Хорошо, что Настена не понимала немецкий. Поэтому весь наш короткий разговор она простояла на одном месте, всматриваясь в то, что происходило в Лебедях. Лицо ее, будто окаменевшее, было как-то ненормально красиво. Словно лик идеальной, мраморной скульптуры, по щекам которой ползли слезы. Проследив за ее взглядом, я увидел полуразрушенные, горящие дома той части деревни, которую занимали разведчики. Небольшие колонны бойцов в зеленоватой форме – те самые казаки. Они скапливались на улочках, за временными укреплениями, собираясь войти на территорию Терехова для окончательного решения вопроса. Зачистки.
Раздавались команды. Лязгали орудия, ревели грузовики, цепляющие минометы. Перемещались, выслушивая команды, отряды. Царила суета, наверное, свойственная быстрому наступлению. Однако мне это более напоминало бестолковые приготовления к похоронам.
Я оглянулся на уставленный блюдами стол, за который уселись немцы. Тогда это – поминки. Очень похоже.
В крики, ругань и шум моторов вдруг вплелся какой-то иной звук. Совершенно неожиданный, которому здесь было явно не место. Завертев головой, я постарался определить, откуда он исходит. Похожая на камень Настя повернулась, обжигая меня безразличным, каким-то мертвым взглядом.

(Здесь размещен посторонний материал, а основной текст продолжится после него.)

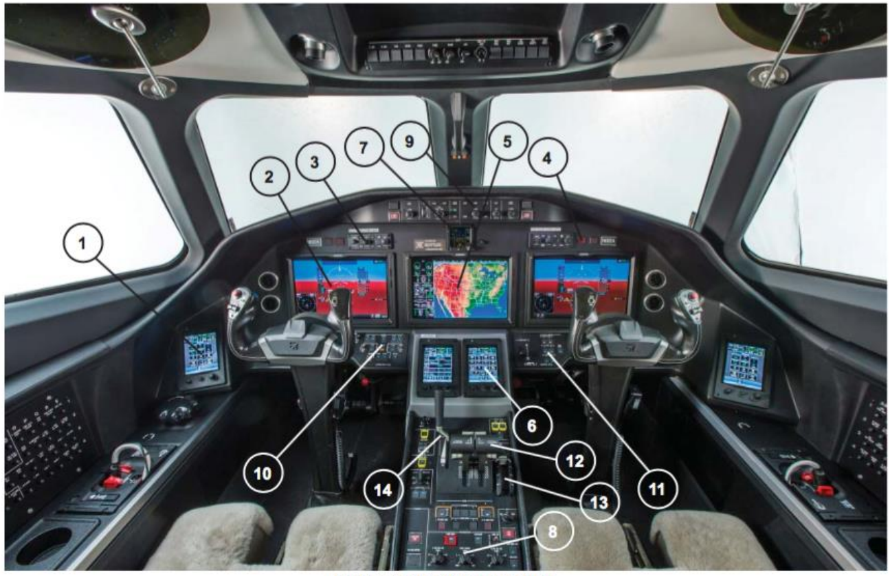
Figure 3: Instrumentation

Посмотрела в ту же сторону, что и я, – за край холма. Странное дело, но, кроме нас, никто ничего не замечал. Немцы лениво трепались за столом, охрана пялилась в сторону Лебедей. И лишь я один чувствовал, как громко колотится у меня сердце, буквально подступая к горлу. Что-то должно было произойти.
С надсадным ревом, перегазовывая, на холм метрах в тридцати от нас вылетел танк. Резко остановился, развернувшись на месте. Четверо бойцов, спрыгнувших с брони, мгновенно вскинули автоматы и взяли на прицел и столик с немцами, и нас с охранниками.